Govt suspends licenses of multiple SACCOs amid regulatory crackdown

The Savings and Credit Cooperative Societies Regulatory Authority (SASRA) has moved to restrict the licences of several Savings and Credit Cooperative Societies (SACCOs), a decisive enforcement action designed to tighten compliance in the SACCO sector and safeguard members’ deposits.

The notice issued on February 3, 2026 places licensing restrictions on five SACCOs and follows broader oversight measures aimed at strengthening governance in one of Kenya’s most critical grassroots financial segments.

Under the regulatory action, five SACCOs based in Nairobi, Samburu, Kiambu, Marsabit and Kajiado have been issued “Conditionally Restricted Licences” for the period January 1 to December 31, 2026, limiting them strictly to credit-only operations and prohibiting them from taking new deposits from members or the public.

The five SACCOs placed under restricted licences are:

  1. Dumisha SACCO Society Ltd — Samburu County
  2. Bi-High SACCO Society Ltd — Marsabit County
  3. Metropolitan National SACCO Society Ltd — Kiambu County
  4. Ol’Kaunsel Regulated Non-WDT SACCO Society Ltd — Kajiado County
  5. Digital Media Regulated Non-WDT SACCO Society Ltd — Nairobi County

The suspension of deposit-taking privileges reflects concerns about compliance with prudential standards under the Sacco Societies Act, 2010 and its implementing regulations, which require licensed SACCOs to maintain adequate capital, liquidity and governance frameworks.

In addition to the restricted licences, the regulator revoked the licence of another SACCO that failed to apply for renewal by December 31, 2025, effectively barring it from conducting any regulated SACCO business.

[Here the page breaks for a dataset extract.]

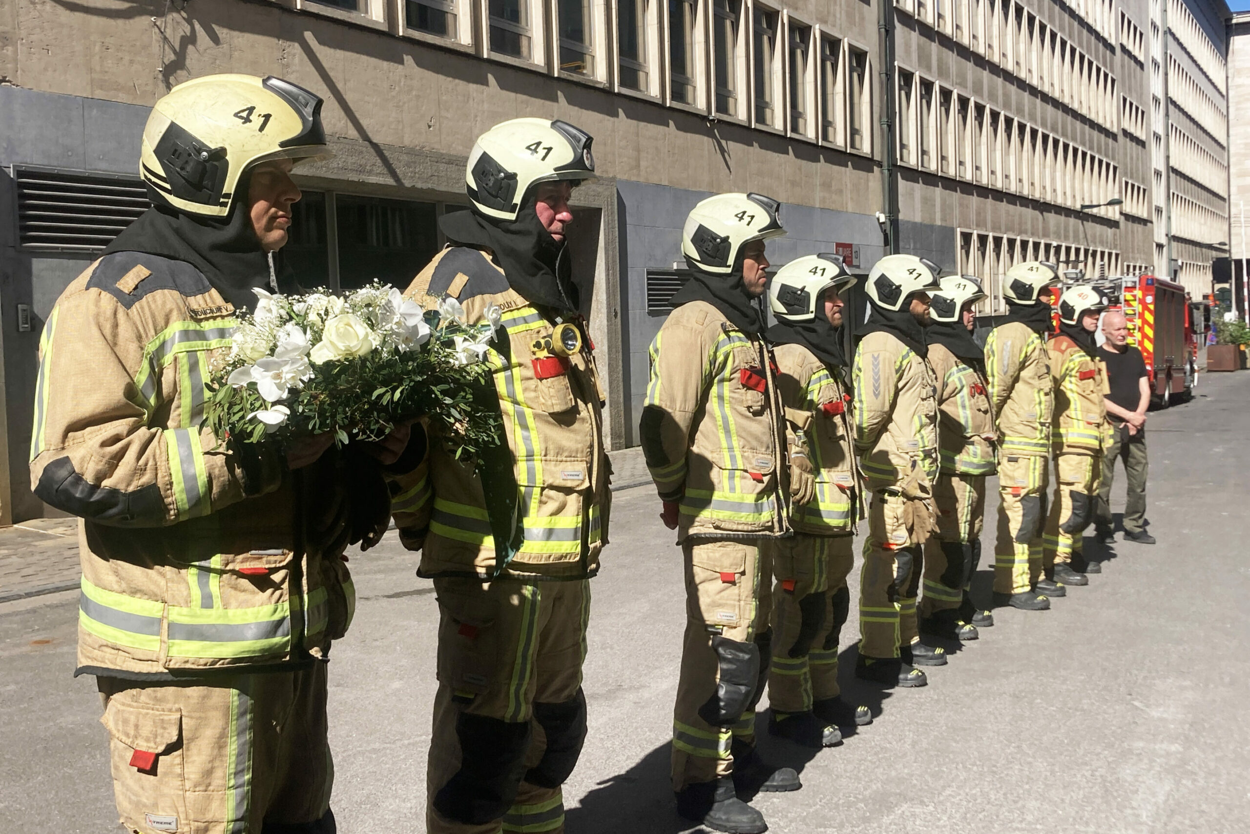In addition to the Brussels Fire Brigade, the Director General of the FEB Pieter Timmermans, City of Brussels Mayor Philippe Close (PS), and a representative of the Minister of the Interior, Bernard Quintin (MR), attended the tribute.

Separately, one entity was listed as having voluntarily ceased operations after merging with another regulated SACCO in 2025, leading to the automatic expiry and revocation of its licence.

SACCOs play a central role in Kenya’s financial ecosystem, especially for low- and middle-income savers and borrowers who depend on these cooperatives for credit, savings mobilization and financial inclusion.

Industry data show that hundreds of SACCOs are licensed annually, with about 176 deposit-taking and another 176 non-deposit-taking societies authorised to operate in 2026.

However, weak governance, liquidity shortfalls and operational lapses have periodically prompted regulatory action to avert risks such as mismanagement, capital inadequacy or insolvency that could compromise members’ savings.

SASRA Chief Executive Officer David Sandagi reiterated that the regulator’s priority is to protect members’ funds and maintain confidence in the cooperative movement, warning the public against transacting with unlicensed or unauthorised SACCOs at their own risk.

He also urged employers and institutions to stop facilitating unlawful SACCO activities through payroll deductions and digital remittances that benefit unregulated entities, which could expose contributors to financial loss.

“The action we are taking ensures that only those SACCOs that have met the legal and prudential requirements are permitted to mobilise and safeguard members’ deposits,” Sandagi said in the notice, adding that regulated societies are required to display their licence certificates visibly at their headquarters and branches.

The regulatory crackdown also comes amid a tightening compliance calendar: SASRA had recently given SACCOs a deadline of March 15, 2026 to submit audited financial statements for the year, a requirement designed to improve transparency, financial discipline and risk oversight before Annual General Meetings are held.

These compliance benchmarks form part of a broader effort to align Kenya’s SACCO sector with global best practices in cooperative financial governance and depositor protection.

Industry analysts say the enforcement push could reinforce trust in the sector by weeding out weak or non-compliant SACCOs, but also caution that restricted access to deposit-taking services may temporarily disrupt members’ financial planning if remedial actions are not implemented quickly.

Investors and depositors are advised to check a SACCO’s licensing status on the SASRA website or through official gazette notices before committing savings, a practice underscored by regulators as essential for financial safety.